The thing is, whatever decision is made, he needs to have ownership based on full and frank disclosure. It makes it easier to make considered decisions later in life, also - he needs practice in making his own choices, and beginning now is good.
In the process of the discussion, you might find that what is bothering him could be more easily solved by a small change in how you do things. For example, a concern often expressed by people about difficult child 3 being pulled out of mainstream, was "What about his social interaction? Because of his autism, he needs more, not less." It was a serious concern, but when we looked into it and especially when we actually began the home education, we found it was not the problem we expected.

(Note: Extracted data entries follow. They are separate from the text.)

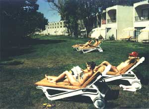 В первый же день мы сделали традиционную для многих отдыхающих ошибку: стали загорать под солнцем без зонтиков, наплевав на кремы против солнца. Дело в том, что я ненавижу все эти кремы. Для меня дикость - мазаться кремами для загара, против загара, для солнца и против солнца. Что это за отдых, думаю я, когда нужно долго и нудно натираться, а затем повторять ту же процедуру после каждого купания. Да и под зонтиком загорать - как-то странно. Уж если пришел на пляж, думал я, так подставь под солнце всего себя целиком.
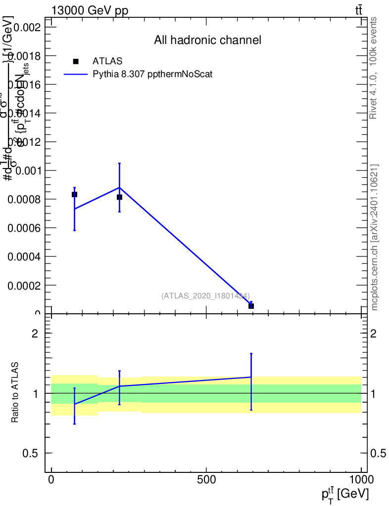 Lines: data, pythia8 8.307 ppthermNoScat |
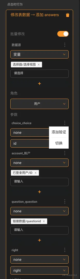 ●一个问题对应多个选项,所以问题表question与选项表choice是一对多关系 问题表中的qidx表示问题编号 选项表中的right用来表示该选项是否是正确选项之一,值为1或0 ●answers表记录了用户选择的每个选项及这些选项是否正确 ●finalresult表记录了用户回答过的问题和该题的最终得分 批量修改表数据 用户完成多选后,会点击下一题按钮或者结束答题按钮,我们需要在按钮行为中,完成用户是否答对,并将得分与否记录到finalresult中。 首先我们需要将用户选择的选项批量导入到answers表中,再判断这些选项是否就是正确选项。 具体流程如下: ●打开批量修改,数据源选择选择视图 ●参数choice需要点击切换,再选择id字段 ●参数right同样需要切换,再选择right字段
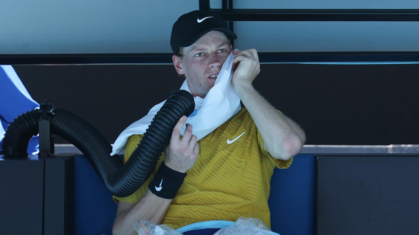 The conditions took a notable toll on Italy’s Jannik Sinner, who tried to stretch despite apparent cramps and needed the help of an air conditioning tube during the third round of men’s singles at the Australian Open.
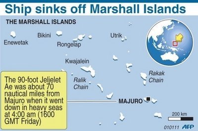 A supply ship in the the Marshall Islands with twenty aboard sank early Saturday. The 90-foot Jeljelet Ae was about eight hours into its trip to Likiep Atoll, reported the AFP.
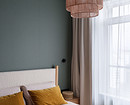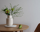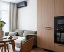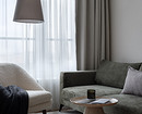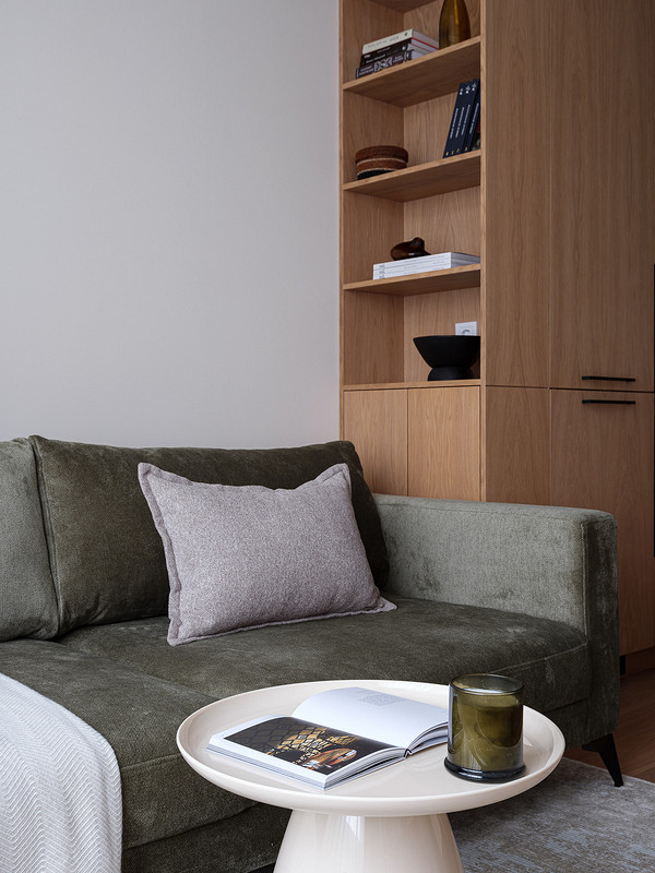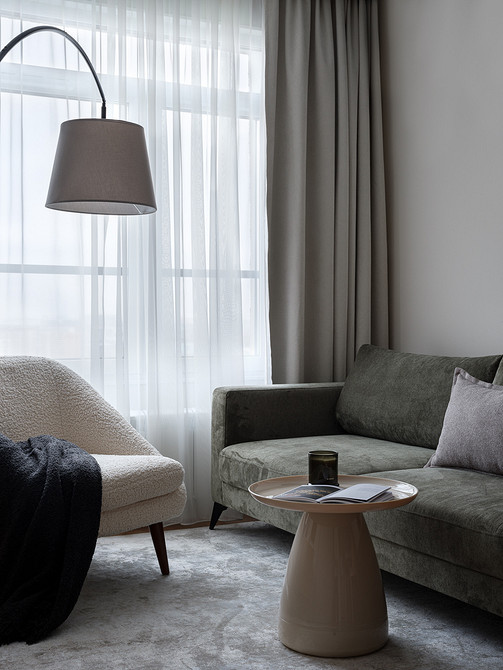 В собственно гостиной — диван в обивке приглушенного зеленого цвета, деревянная тумба под телевизор и кресло в обивке из ткани букле белого цвета. Также для диванной группы подобрали журнальный столик в светлом оттенке с глянцевым финишем.

So - find out WHY he wants to go back, what he hopes to achieve form this and then discuss if there are other routes he could aim for. For us, if difficult child 3 said to me now, "I want to stop studying correspondence and go back into a face to face classroom," I would NOT go the high school route, but I would instead enrol him in our adult education college. It actually goes beyond high school but can take students still at high school, but in a more career-directed way. So he could study ONLY computer-based courses, if he chose. Or only graphic arts. If he did well after a couple of years, he could then go to university, where a good portion of his college studies would be given credit, helping him bypass first year uni certainly, and probably a good part of second year or more.
The aim is education, on a broad base. School is not necessarily the only option.